Can the potential barrier across a $p-n$ junction be measured by simply connecting a voltmeter across the junction?
We cannot measure the potential barrier across a $p-n$ junction by a voltmeter because the resistance of voltmeter is very high as compared to the junction resistance.
Draw the output waveform across the resistor in the given figure.
As we know that the diode only works in forward biased, so the output is obtained only when positive input is given, so the output waveform is
The amplifiers $X, Y$ and $Z$ are connected in series. If the voltage gains of $X, Y$ and $Z$ are 10, 20 and 30 , respectively and the input signal is 1 mV peak value, then what is the output signal voltage (peak value)
(i) if DC supply voltage is 10 V ?
(ii) if DC supply voltage is 5 V ?
Given,
$$\begin{aligned} A v_x & =10, A v_y=20, A v_z=30 ; \\ \Delta V_i & =1 \mathrm{mV}=10^{-3} \mathrm{~V} \end{aligned}$$
Now, $\quad \frac{\text { Output Signal Voltage }\left(\Delta V_0\right)}{\text { Input Singal Voltage }\left(\Delta V_i\right)}=$ Total voltage amplification
$$\begin{aligned} & =A v_x \times A v_y \times A v_z \\ \Rightarrow\quad\Delta V_0 & =A v_x \times A v_y \times A v_z \times \Delta V_i \\ & =10 \times 20 \times 30 \times 10^{-3}=6 \mathrm{~V} \end{aligned}$$
(i) If DC supply voltage is 10 V , then output is 6 V , since theoretical gain is equal to practical gain, i.e., output can never be greater than 6 V.
(ii) If DC supply voltage is 5 V , i.e., $V_{c c}=5 \mathrm{~V}$. Then, output peak will not exceed 5 V . Hence $V_0=5 \mathrm{~V}$.
In a CE transistor amplifier, there is a current and voltage gain associated with the circuit. In other words there is a power gain. Considering power a measure of energy, does the circuit violate conservation of energy?

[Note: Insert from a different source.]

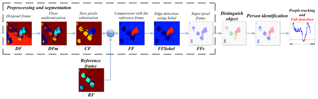 The entire procedure is illustrated in Figure 1, where each step described above can be identified. It might also be noted that the preprocessing and segmentation part is detailed with the outputs of every sub-step. The paper is organized as follows: Section 2 provides an overview of related work about automatic fall detection using depth frames. Section 3 describes the implementation details of the proposed system, while Section 4 underlines the performances achieved by the proposed approach. Finally, Section 5 summarizes the conclusions of the work.

In CE transistor amplifier, the power gain is very high.
In this circuit, the extra power required for amplified output is obtained from DC source. Thus, the circuit used does not violet the law of conservation.
(i) Name the type of a diode whose characteristics are shown in figure. (a) and (b).
(ii) What does the point $P$ in fig. (a) represent?
(iii) What does the points $P$ and $Q$ in fig. (b) represent?
(i) The characteristic curve (a) is of Zener diode and curve (b) is of solar cell.
(ii) The point $P$ in fig. (a) represents Zener break down voltage.
(iii) In fig. (b), the point $Q$ represents zero voltage and negative current. It means light falling on solar cell with atleast minimum threshold frequency gives the current in opposite direction to that due to a battery connected to solar cell. But for the point $Q$, the battery is short circuited. Hence represents the short circuit current.
In fig. (b), the point $P$ represents some positive voltage on solar cell with zero current through solar cell.
It means, there is a battery connected to a solar cell which gives rise to the equal and opposite current to that in solar cell by virtue of light falling on it.
As current is zero for point $P$, hence we say $P$ represents open circuit voltage.